Stage 1 kidney disease, Rx:
- –> observation,
- –> control of blood pressure
What symptoms clinical findings may you have with GFR 60-89?
- GFR 60-89 = stage 2 kidney diseaase
- –> mildly reduced kidney function
- other findings like for stage 1, that point to kidney disease AKA - normal kidney function but urine findings or structural abnormalities or genetic trait poinnt to kidney disease
What complications may arise if GFR is 60-89 (stage 2 CKD)?
Increased CVD
What is the Rx of GFR is 60-89 (stage 2 CKD)?
- Observation
- control of BP
- control of RF’s (as increased CVD risk @ stage 2)
What stage is GFR 45-59?
3A
What stage is GFR 30-44?
3B
What symptoms / clinical findings do you get with stage 3A (GFR 45-59) and 3B (GFR 30-44)?

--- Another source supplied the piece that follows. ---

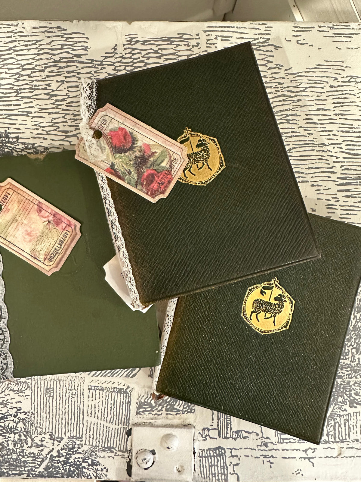 Mini green religious books with worn gold gilding titles. Choose from three sold as individual books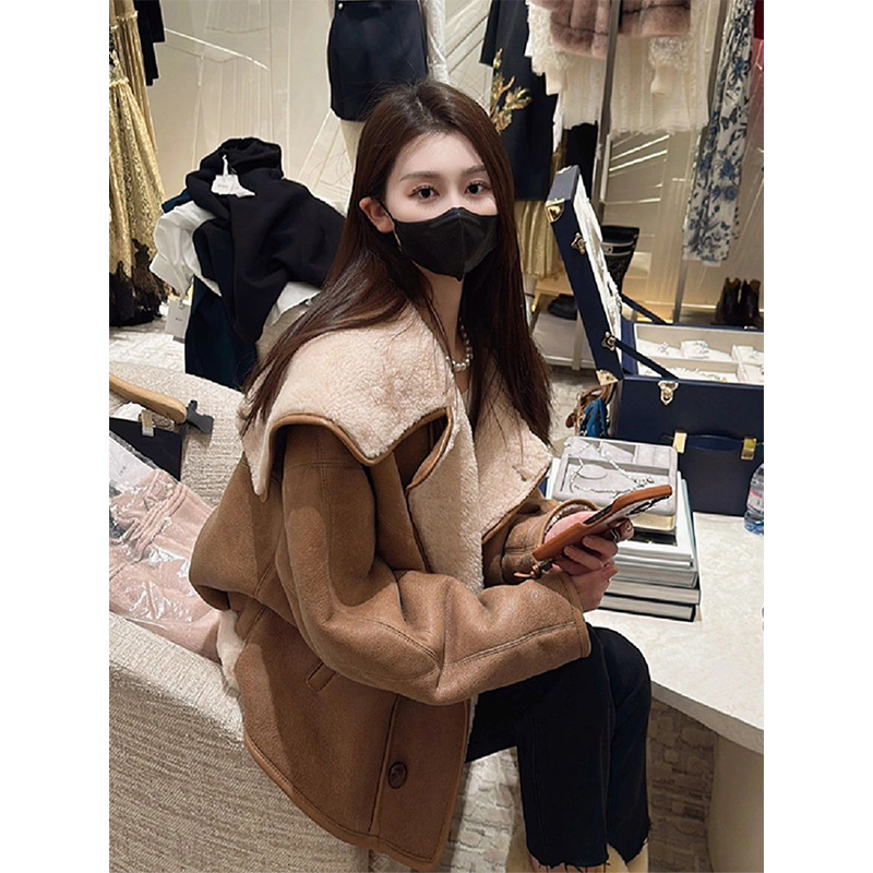秋冬の今年は綺麗なカレー色が流行しています。毛皮一体羊のカバーコート女性の新型の爆発金は1647です。

stage 3A (GFR 45-59) and 3B (GFR 30-44) => moderately reduced kidney function
What complications do you get with stage 3A (GFR 45-59) and 3B (GFR 30-44)?
- increased CVD;
- bone disease - high PTH (from kidneys not converting to ative vit D to absorb Ca2+)
How do you Rx stage 3A (GFR 45-59) and 3B (GFR 30-44)?
- Observation,
- & control of blood pressure
- & risk factors
- –> (Increased CVD; bone disease - high PTH)
A patient has GFR 15-29 what stage kidney disease is this?
Stage 4
What complication may happen with a gfr of 15-29?
e.g. Stage 4
- Increased CVD;
- bone disease - low Ca (no vit d) high phosphate
With a GFR of 15-29 what treatment stage planning is needed?
stage 4 GFR need planning/educaate for end stage (whereas stage 3 was observation, control of blood pressure & RFs)
What happens to a patient who has a GFR < 15?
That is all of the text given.